Sunday night, I only got one hour of sleep because I was worrying about not realizing I was low or this. (Yeah, that's enough to keep anyone up all night.) My blood sugar was actually pretty stable; I was 113 at 2:31 AM and 4:10 AM. I also forgot to cover lunch because my CGM's over 200 beep reminds me to cover, and I didn't have that to remind me.
Monday night, I went to bed and woke up on Tuesday feeling like I had the stomach flu. I tested my blood and I was 474. My CGM would have beeped at me/ I could have seen my blood sugar going up if I had checked my graph. Tuesday, I tested 8 times because of my paranoia about my blood sugars and not knowing where they were going. I went to bed at 287 and covered it. (I slept nine hours because I took 20 mg of melatonin.)

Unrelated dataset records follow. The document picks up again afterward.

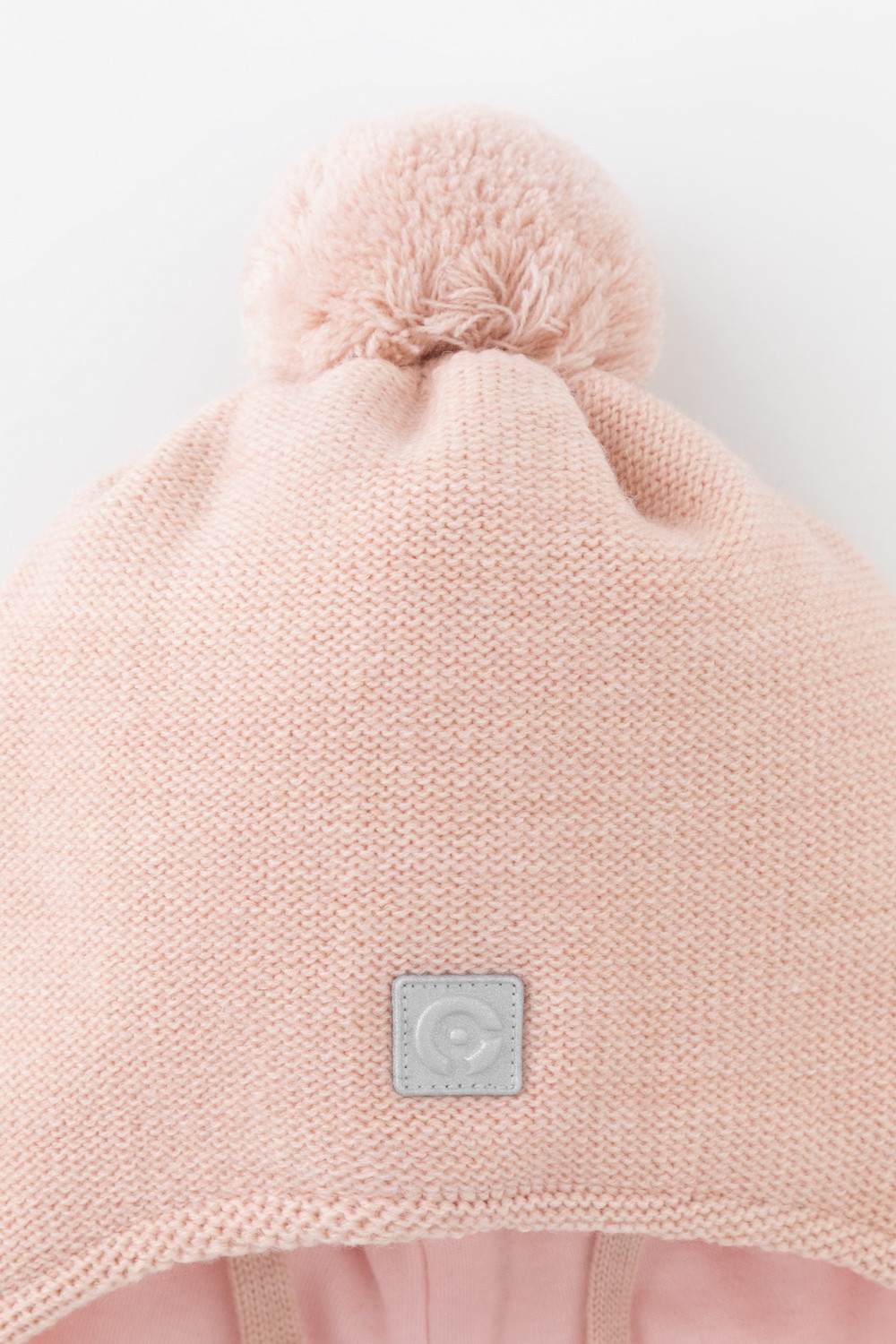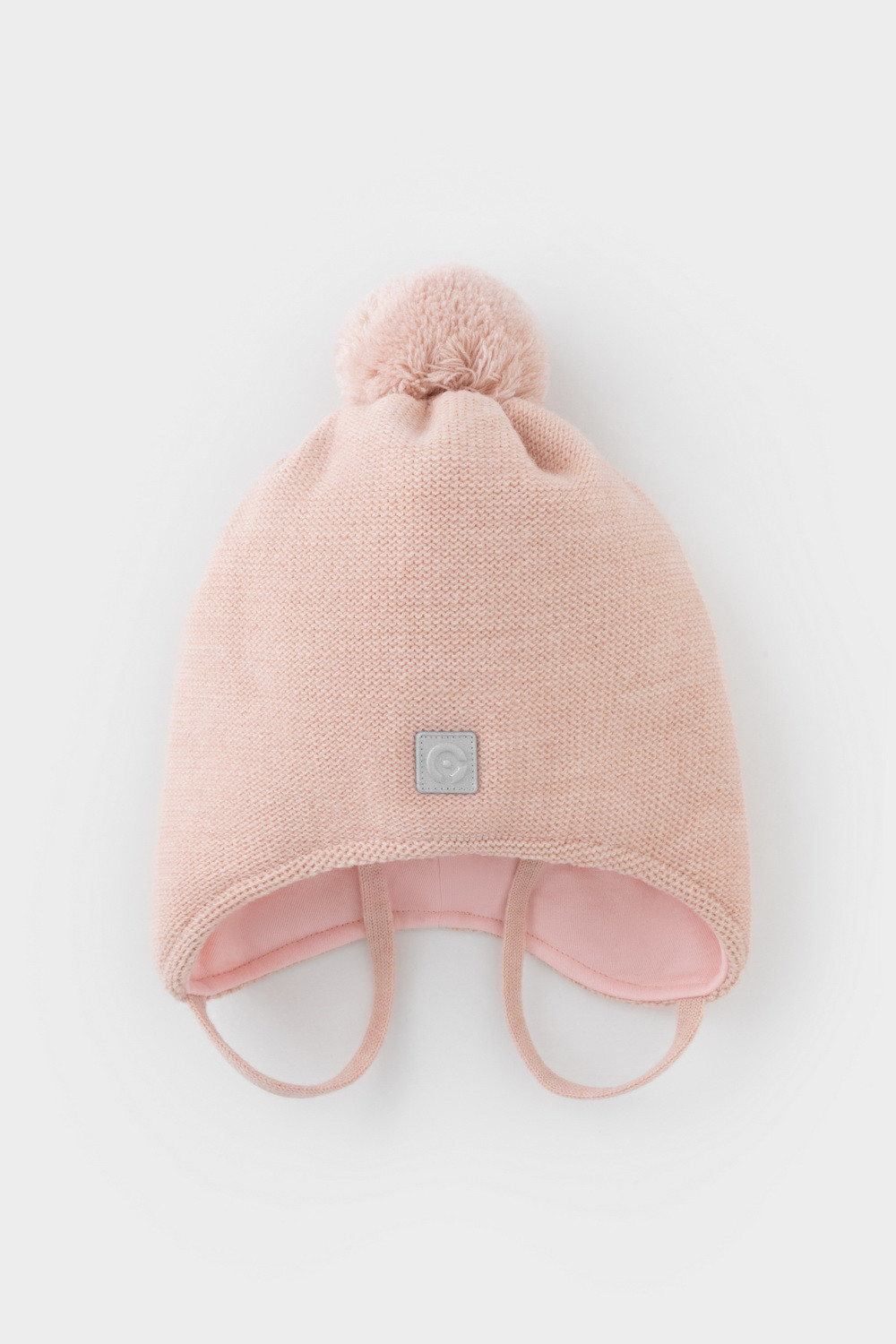 Шапка для девочки из полушерсти на завязках с синтепоновым утеплителем. Подклад из натурального хлопка. Полностью закрывает голову, уши и шею, защищая ребёнка от холодного воздуха и ветра. На макушке помпон. Изделие сохраняет форму и стойкий цвет после многочисленных стирок.
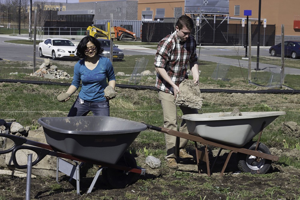 Chi Nguyen, first-year astrophysical science and technology PhD student and Nicholas Burns, first-year biotechnology, helped clean up the community garden on April 16. Over the weekend, volunteers did general clearing and plot allocation as part of Earth Week.
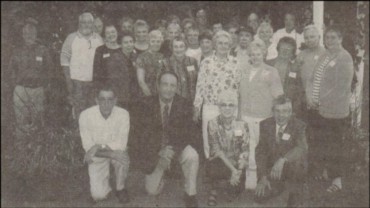 Attending were Helen (Afkind) Johnson, Hixton; Mrs. Sarah (Albrecht) Smigelski, San Jose, CA; Mr. and Mrs. Bob Bell, Neillsville; Eugene Crockett, Wichita, KA; Connie (Duchow) Patterson, Alma Center; Mr. and Mrs. Arne Eisentraut, Apache Junction, AZ; Mrs. Alice (Gall) Wirkuty, Neillsville; May Lou (Hagie) Meredith, Eau Claire; Mr. and Mrs. Sam (June Janisch) Corese, Norridge, IL; Charles Lincoln, Moses Lake, WA; Mr. and Mrs. Tom (Edith Lindner) Nauertz, Ft. Atkinson; Mr. and Mrs. Jim (Cheryl Mabie) Holt, Black River Falls; Mr. and Mrs. Merlin (LaVonne Mills) Gerber, Madison; Kay (Overman) Johnson, Neillsville; Mr. and Mrs. Wayne (Maureen Meier) (no surname given), of Neillsville; Vivian (Randall) Hotchkiss, Robbinsdale, MN; Elaine (Reams) Cheney, Kenosha; Judy (Reese) Enerson, Ackley, IA; Sonja (Schlemme) West, Windsor, CO; Mr. and Mrs. Ed Schwellenbach, Janesville; Bob Struensee, Neillsville; Mr. and Mrs. Ron (Erma Stucki) Markus, Kewaskum; Ann (Turville) Thompson, Marshfield; Mr. and Mrs. Ben Urlaub, Neillsville; Joan (Meinholdt) and Tom Wavrunek, Neillsville; Mr. and Mrs. Ron Yankee, Round Lake Heights, IL and Eileen Zank, Neillsville, Wis.
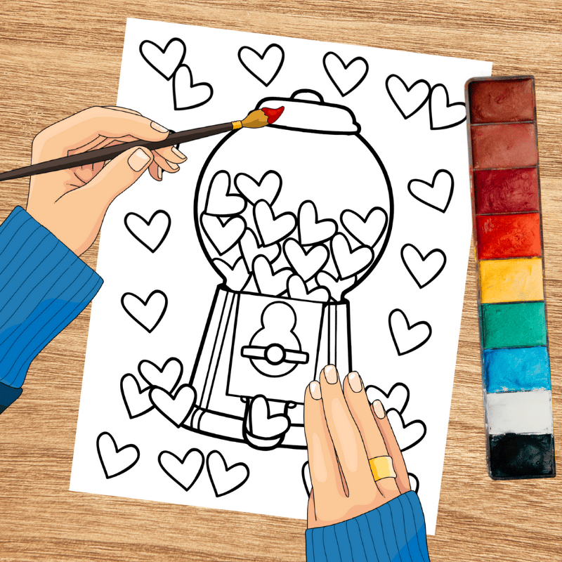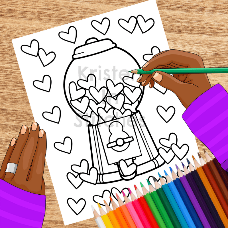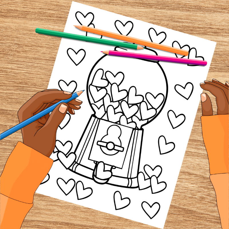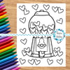 Valentine Gumball Machine Coloring Page, Printable 8.5x11 Paper, PDF & PNG File, Bubblegum Hearts
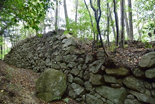 旧の野洲・栗田郡内最大の山城です。と書きましたが、今まで何度かこの城を訪れましたが、山頂部周辺しか行っていませんでしたので、城山山頂の遺構を見ててもそんな気はしてませんでした。以前から山頂東側に郭群があるのは資料で知ってましたが、藪状態で入っていませんでした。2007年11月に思い切って入ってみましたら、ほぼ完存する縄張り、大手道、多数の石垣の残存などなどが目の前に現れ、「すごいぞ!小堤城山」と言ってしまいました。「中世の城は山頂中心」に固守してしまい、東側山腹の郭は大した事はなかろうと思っていたのが間違いの元でありました。 さて、城跡ですが、まずは【山頂部】です。 【山頂部】 城山山頂を山頂郭と便宜上呼びます。ここを頂点に北への尾根上に二つ程度の段郭があります。登城道を登って来ると最初に小さな祠があります。ここから山頂郭までの段に石垣の痕跡が残ります。この石の中には矢穴が残っている大石もみられます。また、東側斜面にも石垣が僅かに残っています。斜面に上段の郭に降りる道ができています。 さらに山頂郭の南面下の斜面(古城山へ下りて行く途中)にはわりと大きな規模で石垣が残っています。この石垣の形状と山腹の郭群の石垣は石の形状が違うように感じます。ここの斜面の石垣は薄い石垣を棒積みされているように見えます。さらに、西側下の斜面(辻町方面へ下りる)にも規模の大きい石垣が残っています。この石垣と南側の石垣とは少し形状が違い、東側山腹の上段の郭の虎口の石垣に似ています。山頂郭を南側へ30mほどの崖をロープを使って降り、尾根を少し進むと堀切があり、そのまま尾根沿いに古城山に行けます。ロープで降りたこの尾根の北側斜面にも大石の石垣が残っています。 【主要部】 大きな郭としては四つあり、便宜上、上段の郭・東端の郭・東尾根の郭・主殿の郭と呼びます。 <上段の郭> <東端の郭> 山頂郭からロープで降りた地点から山の斜面に入ります。50mも進むと上段の郭に至ります。東側に櫓台であったろう大土塁が残ります。その先、櫓台から東側を少し降りたところに堀切があります。この堀切面には郭側に長い石垣があります。石垣は小さな石が積まれていますが、その中に一つだけ矢穴のある石がひとつあります。この郭を東端の郭とします。この東端の郭は堀切面の石垣以外の他の三面にも石垣が残ります。 <東尾根の郭> 次に、上段の郭の櫓台の北側という位置に大きな堀切を挟んで東尾根の郭があります。東尾根の郭には主殿の郭(主郭)から堀切からの堅堀を登って行けます。上段の郭の北側には平虎口があり、ここに人頭程度の石で積まれた石垣が4段10m程度残っています。この平虎口から斜面を10mほど下りると主殿の郭です。この斜面にも石垣・石段が残存しています。上段の郭と東尾根の郭の間の堀切で、いまでも明瞭です。ただ、主郭から堅堀を登って堀切から東尾根に入るという構造そのものはおかしいものです。元々は東の尾根があって、その後主郭が造営されたんでしょうね。東尾根の郭の北側にも堀切があり、ここに城内で一番姿の良い石垣が残っています。この石垣の石は人頭程度で、8段10mほど残存していました。さらに東尾根の郭の東斜面にも石垣が残っています。東面下の石垣は大手郭の石垣同様の大きな石を使っていて、3段で30mほど残っていました。この位置は木が無かったら麓から遠望できそうで、見せる石垣ではないかと思います。堀切から主郭とは反対の岩盤の堅堀を下りていき、途中で右手に曲がると東端の郭(堀切の石垣)の所に行けます。 <主殿の郭(主郭)> 主殿の郭(主郭)と上段の郭の城道は石段であったようです。主殿の郭(主郭)はこの城では一番広い郭です。下から来た大手道は主殿の郭(主郭)の北側下で急な坂を登り、主殿の郭(主郭)下で右手に折れ、さらに再度左に折れて、この主殿の郭(主郭)の北西面下、スロープのところに3段20mほど石垣が残っています。この石垣は上段の郭の石垣より明らかに大きい石を使っています。この側面の石垣を見ながらスロープを登って主殿の郭(主郭)に入るようになっており、大きさ、防御性からも中心の郭であるとは思われます。ただ、上にも郭があり、居住性のある郭であるため、戦闘的な主郭というより主殿と言ったほうがしっくりくる感じです。(麓からここに建っていた殿舎を見上げる事を想像するとそんな感じに思えました。) 【大手道】 東尾根の郭から主殿の郭に戻り、主殿前の大手道がクランク状の箇所の西側に張り出した郭があります。この先端は15mほど落差があり、下に大手郭になります。この張り出し郭からは麓側からの大手道が遠望できるはずです。大手道は主殿の郭(主郭)前から直線的に急坂になっています。別に平行して迂回の道もあります。こちらの道は迂回する分なだらかです。大手道の東の山側には石垣の痕跡があまり無いですが、張り出し郭側には石垣が残存しています。この坂はまことに
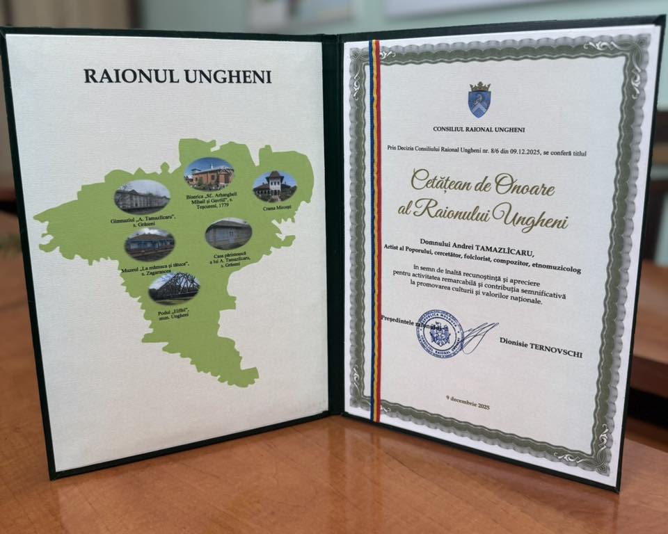 Andrei Tamazlîcaru, artist al poporului, originar din satul Grăseni, a devenit primul cetățean de onoare al raionului Ungheni.
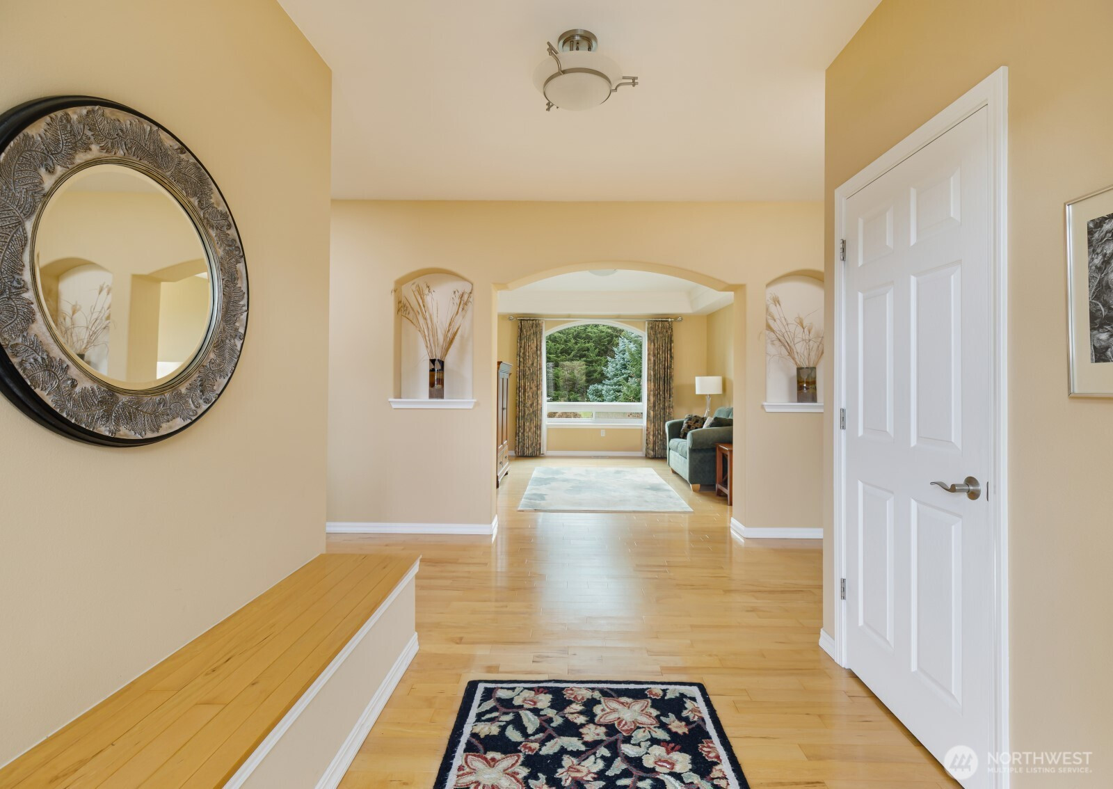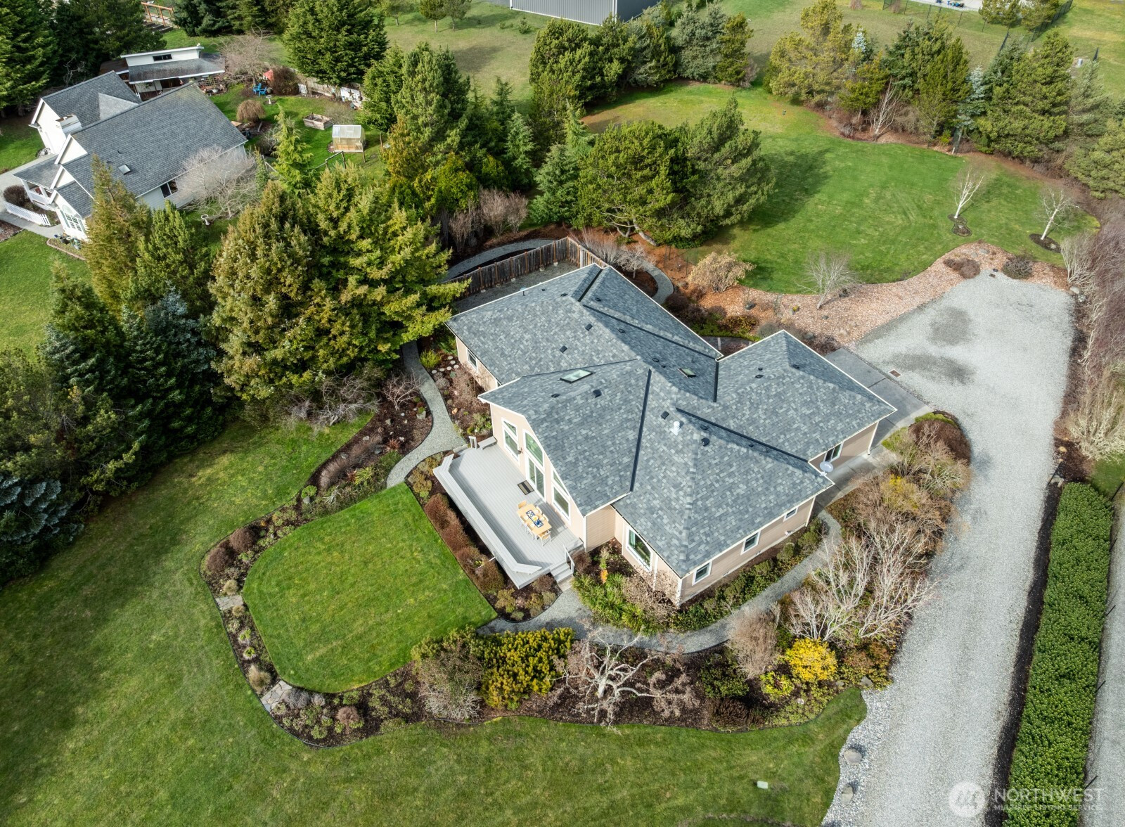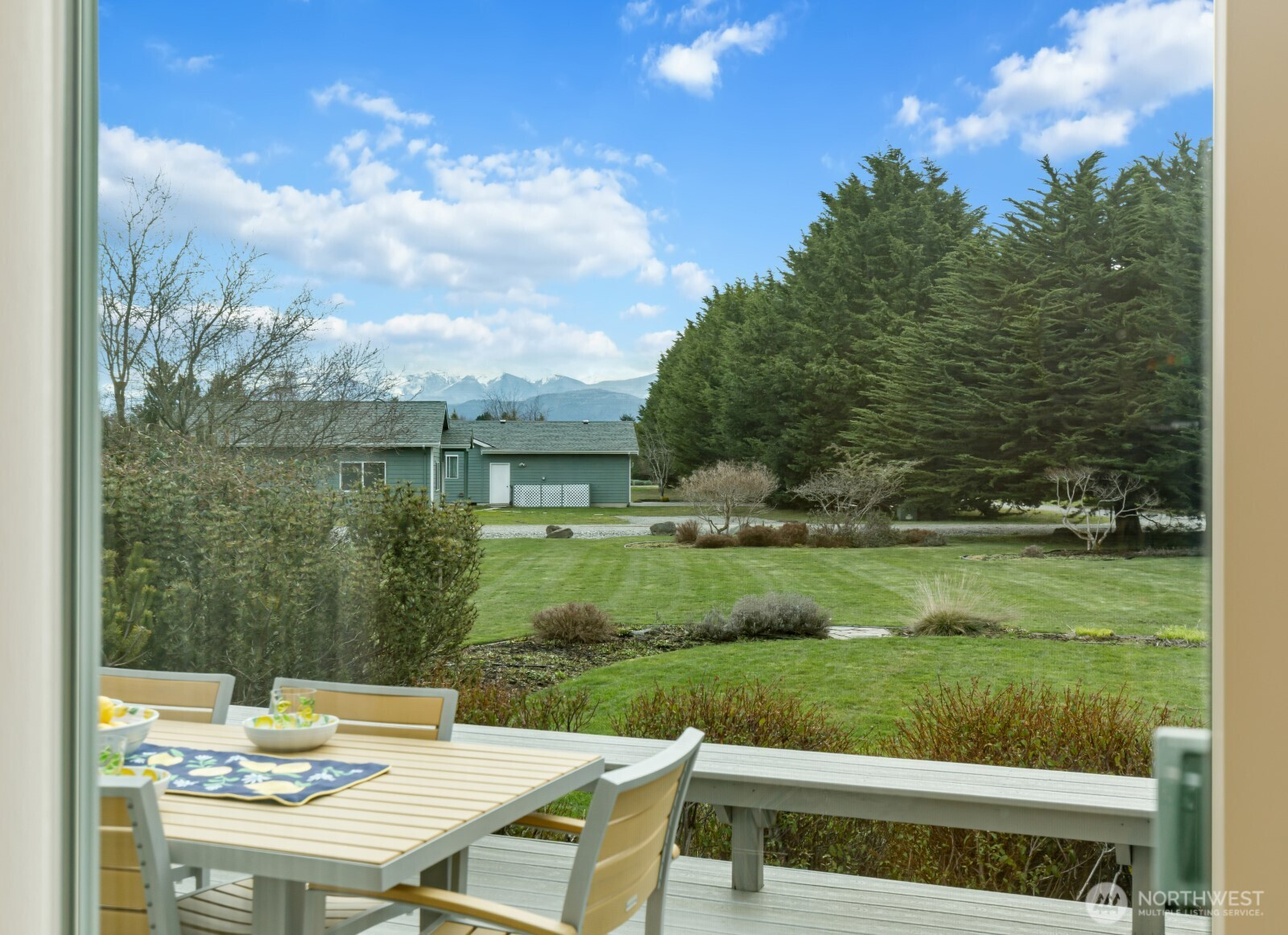 Bask in the southern exposure while soaking up the breath-taking views of the Olympic Mountains. This home is situated on a beautifully landscaped 1.37 acres located in Sequim’s desirable Blue Ribbon community. This 2,362 sqft single-level home offers 3 beds, 2 baths, & a thoughtful open layout with vaulted ceilings, hardwood floors, & expansive windows framing the mountain views. Spacious kitchen features granite countertops, stainless appliances, abundant designer cabinetry, & large peninsula that flows seamlessly into the dining area and great room with gas fireplace—perfect for entertaining or simply relaxing. The primary suite offers natural lighting, personal mountain views, custom window coverings & a large walk-in closet. Primary bath complete with soaking/jetted tub, shower, & dual vanity. Step outside to a generous Trex-style deck with seating that overlooks beautifully landscaped grounds with irrigation, sprinkler system, and lush established greenery and several mature trees. The level lot offers a fenced dog run, along with privacy at the end of a street with a long, private drive. Additional highlights include central A/C, heat pump, forced air heating, attached 2-car garage, septic system, new roof, all new Anderson dual pane windows and newly painted exterior. Located in the Sequim School District and part of an airfield community, this property blends peaceful country living with convenience to town, outdoor recreation, and the Olympic Peninsula lifestyle.

Gerard has been sitting in this glass pitifully unused.
I am so reliant on my CGM, it isn't even funny. After my CGM trial, I had a nervous break down and started crying because I thought I was going to sleep through a low or worse. This little device is my life line, and I hate having to go without it. My insurance company only allows three boxes every month, so the new sensors can't ship until Friday, an they won't get here until Monday or Tuesday.
Moral of the Story: I hate this with a burning passion.